* **Description of the task**:
In this exercise, the entries below include pictures. Repeat exactly the lines from the line with "Door de dubbele" to the line with "Ende März 2018", including both, but without the pictures.

* **Input records**:
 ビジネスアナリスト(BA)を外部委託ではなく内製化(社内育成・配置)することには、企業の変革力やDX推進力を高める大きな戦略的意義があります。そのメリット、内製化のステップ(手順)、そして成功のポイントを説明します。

==

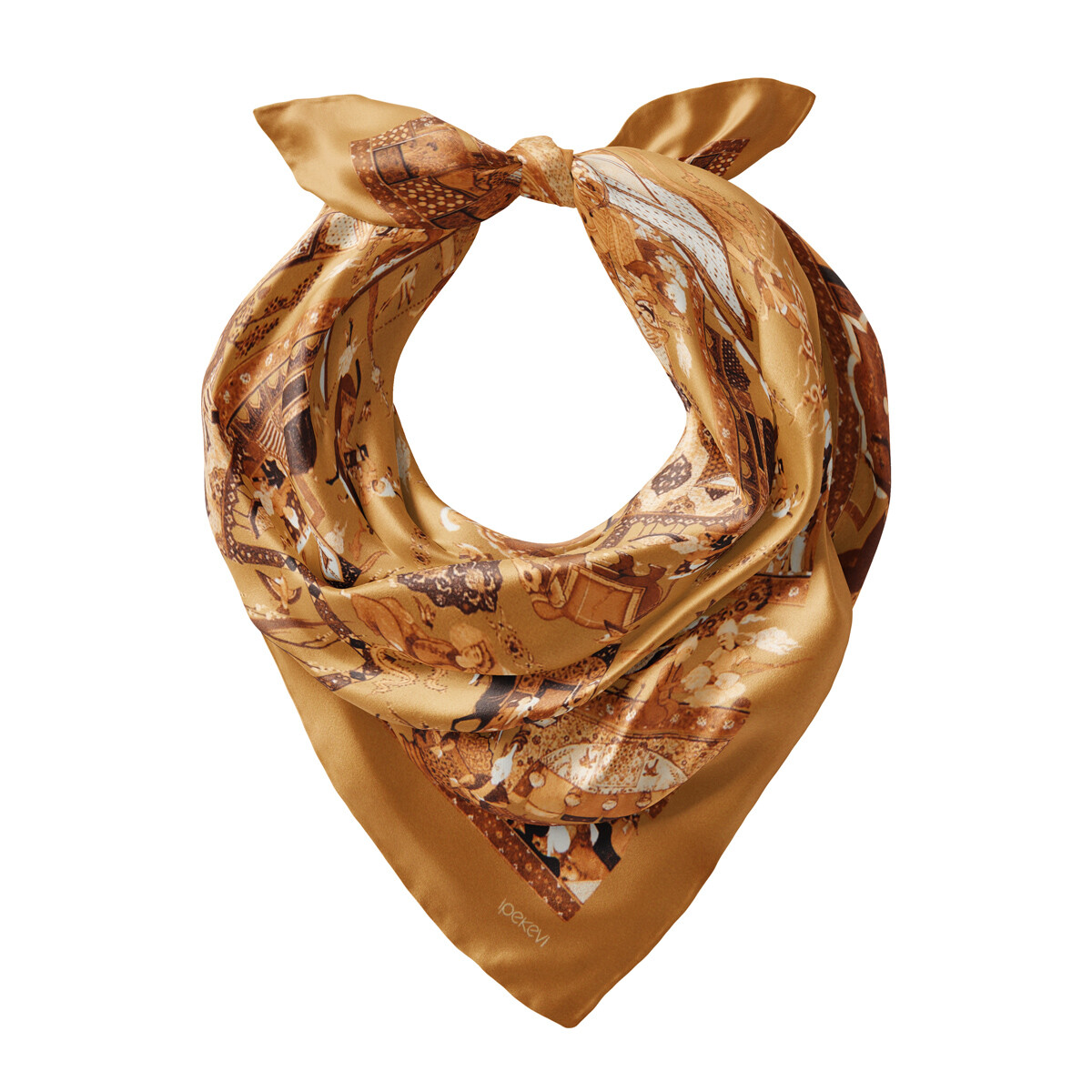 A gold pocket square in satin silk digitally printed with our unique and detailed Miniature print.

* * *

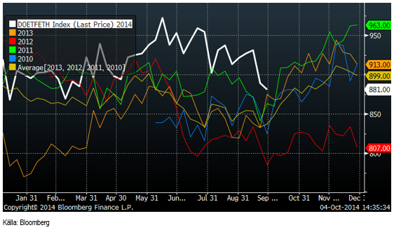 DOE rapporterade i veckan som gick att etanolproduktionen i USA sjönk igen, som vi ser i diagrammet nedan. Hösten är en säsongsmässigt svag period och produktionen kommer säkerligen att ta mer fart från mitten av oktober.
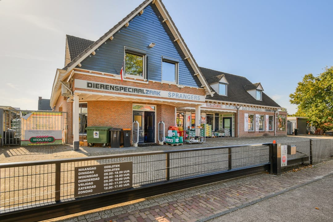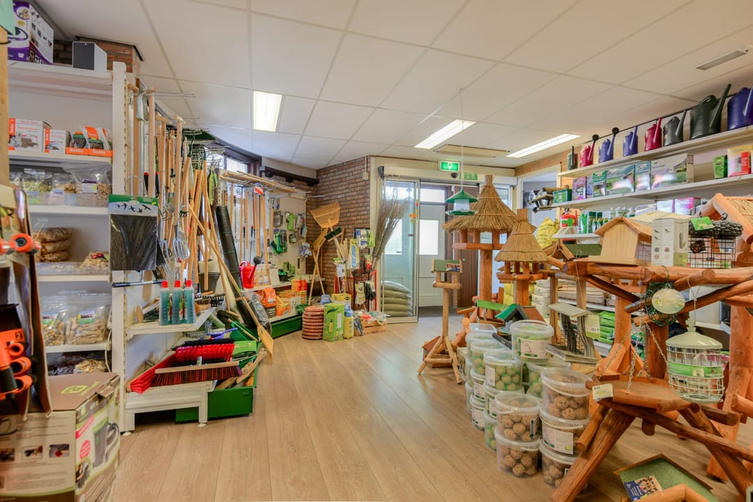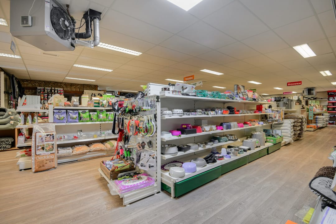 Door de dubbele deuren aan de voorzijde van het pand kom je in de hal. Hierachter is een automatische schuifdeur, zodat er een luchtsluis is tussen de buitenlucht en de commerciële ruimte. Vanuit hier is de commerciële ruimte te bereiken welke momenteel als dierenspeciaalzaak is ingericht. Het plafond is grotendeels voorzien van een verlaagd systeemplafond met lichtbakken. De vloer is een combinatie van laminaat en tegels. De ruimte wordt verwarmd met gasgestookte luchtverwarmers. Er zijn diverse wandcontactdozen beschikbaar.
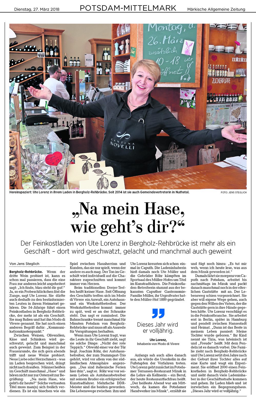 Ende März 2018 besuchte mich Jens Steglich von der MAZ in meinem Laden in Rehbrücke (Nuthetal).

* **Answer for this exercise**:
 Door de dubbele deuren aan de voorzijde van het pand kom je in de hal. Hierachter is een automatische schuifdeur, zodat er een luchtsluis is tussen de buitenlucht en de commerciële ruimte. Vanuit hier is de commerciële ruimte te bereiken welke momenteel als dierenspeciaalzaak is ingericht. Het plafond is grotendeels voorzien van een verlaagd systeemplafond met lichtbakken. De vloer is een combinatie van laminaat en tegels. De ruimte wordt verwarmd met gasgestookte luchtverwarmers. Er zijn diverse wandcontactdozen beschikbaar.
 Ende März 2018 besuchte mich Jens Steglich von der MAZ in meinem Laden in Rehbrücke (Nuthetal).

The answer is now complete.